• What the task asks: Only the pictures are to be left out; return the rest of the data exactly as it stands.

• Dataset excerpts:
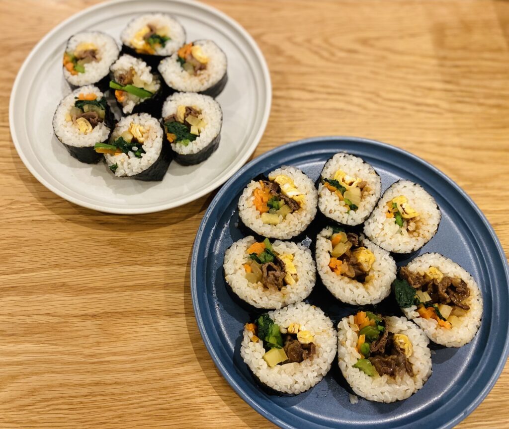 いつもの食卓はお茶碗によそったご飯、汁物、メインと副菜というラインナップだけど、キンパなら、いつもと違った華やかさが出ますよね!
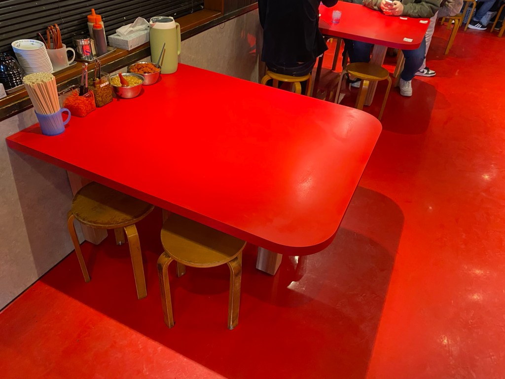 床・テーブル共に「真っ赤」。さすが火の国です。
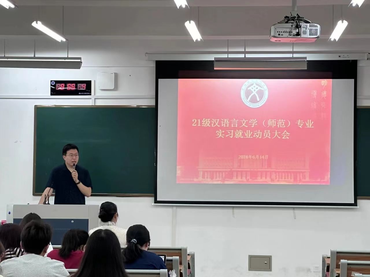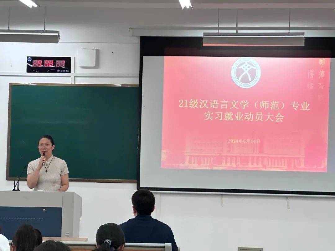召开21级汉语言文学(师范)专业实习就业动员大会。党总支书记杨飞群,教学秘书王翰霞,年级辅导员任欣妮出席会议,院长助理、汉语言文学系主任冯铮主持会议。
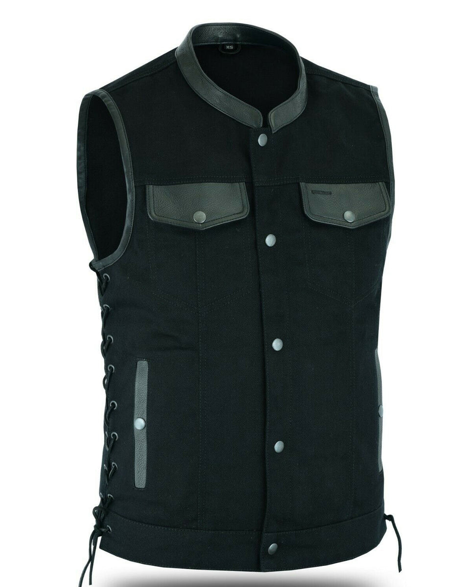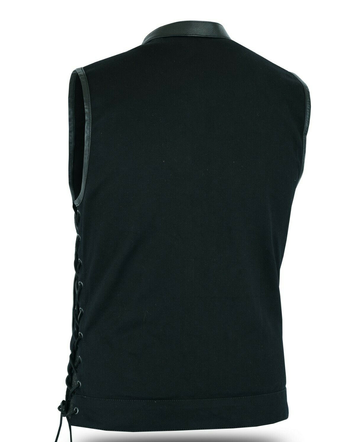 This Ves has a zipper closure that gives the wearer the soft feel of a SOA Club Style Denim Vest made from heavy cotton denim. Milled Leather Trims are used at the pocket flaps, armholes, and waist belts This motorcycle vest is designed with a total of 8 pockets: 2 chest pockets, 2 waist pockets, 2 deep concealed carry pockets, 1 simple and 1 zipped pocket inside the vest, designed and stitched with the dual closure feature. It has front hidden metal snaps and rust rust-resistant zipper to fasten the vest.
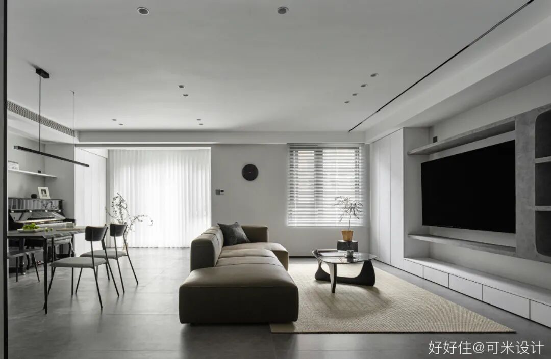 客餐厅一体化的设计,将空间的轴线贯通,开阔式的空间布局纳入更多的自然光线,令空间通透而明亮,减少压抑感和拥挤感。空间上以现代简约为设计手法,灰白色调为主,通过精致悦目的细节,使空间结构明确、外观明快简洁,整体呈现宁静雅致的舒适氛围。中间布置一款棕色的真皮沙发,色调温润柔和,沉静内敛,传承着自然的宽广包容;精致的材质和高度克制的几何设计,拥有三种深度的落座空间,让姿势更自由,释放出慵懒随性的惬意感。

• Exercise solution:
 いつもの食卓はお茶碗によそったご飯、汁物、メインと副菜というラインナップだけど、キンパなら、いつもと違った華やかさが出ますよね!
 床・テーブル共に「真っ赤」。さすが火の国です。
召开21级汉语言文学(师范)专业实习就业动员大会。党总支书记杨飞群,教学秘书王翰霞,年级辅导员任欣妮出席会议,院长助理、汉语言文学系主任冯铮主持会议。
 This Ves has a zipper closure that gives the wearer the soft feel of a SOA Club Style Denim Vest made from heavy cotton denim. Milled Leather Trims are used at the pocket flaps, armholes, and waist belts This motorcycle vest is designed with a total of 8 pockets: 2 chest pockets, 2 waist pockets, 2 deep concealed carry pockets, 1 simple and 1 zipped pocket inside the vest, designed and stitched with the dual closure feature. It has front hidden metal snaps and rust rust-resistant zipper to fasten the vest.
 客餐厅一体化的设计,将空间的轴线贯通,开阔式的空间布局纳入更多的自然光线,令空间通透而明亮,减少压抑感和拥挤感。空间上以现代简约为设计手法,灰白色调为主,通过精致悦目的细节,使空间结构明确、外观明快简洁,整体呈现宁静雅致的舒适氛围。中间布置一款棕色的真皮沙发,色调温润柔和,沉静内敛,传承着自然的宽广包容;精致的材质和高度克制的几何设计,拥有三种深度的落座空间,让姿势更自由,释放出慵懒随性的惬意感。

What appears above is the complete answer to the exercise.